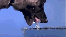 يشرب الكلب المياة عن طريق دفعها ولسانه للخلف وليس الأمام.
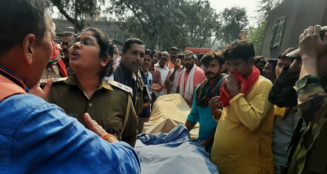 भाजपा कार्यकर्ताओं ने शव को लिया कब्जे में
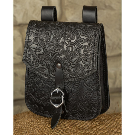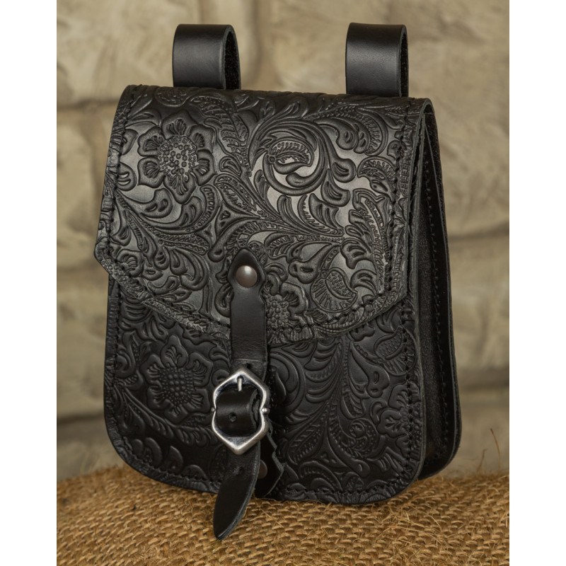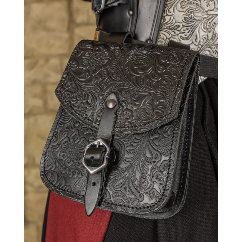 SKÓRZANA SAKWA NA PAS BEATRICE - CZARNA LARP

§ Your instructions:
Exclude the pictures and give back the rest of the data above exactly as written.

§ Your response:
 يشرب الكلب المياة عن طريق دفعها ولسانه للخلف وليس الأمام.
 भाजपा कार्यकर्ताओं ने शव को लिया कब्जे में
 SKÓRZANA SAKWA NA PAS BEATRICE - CZARNA LARP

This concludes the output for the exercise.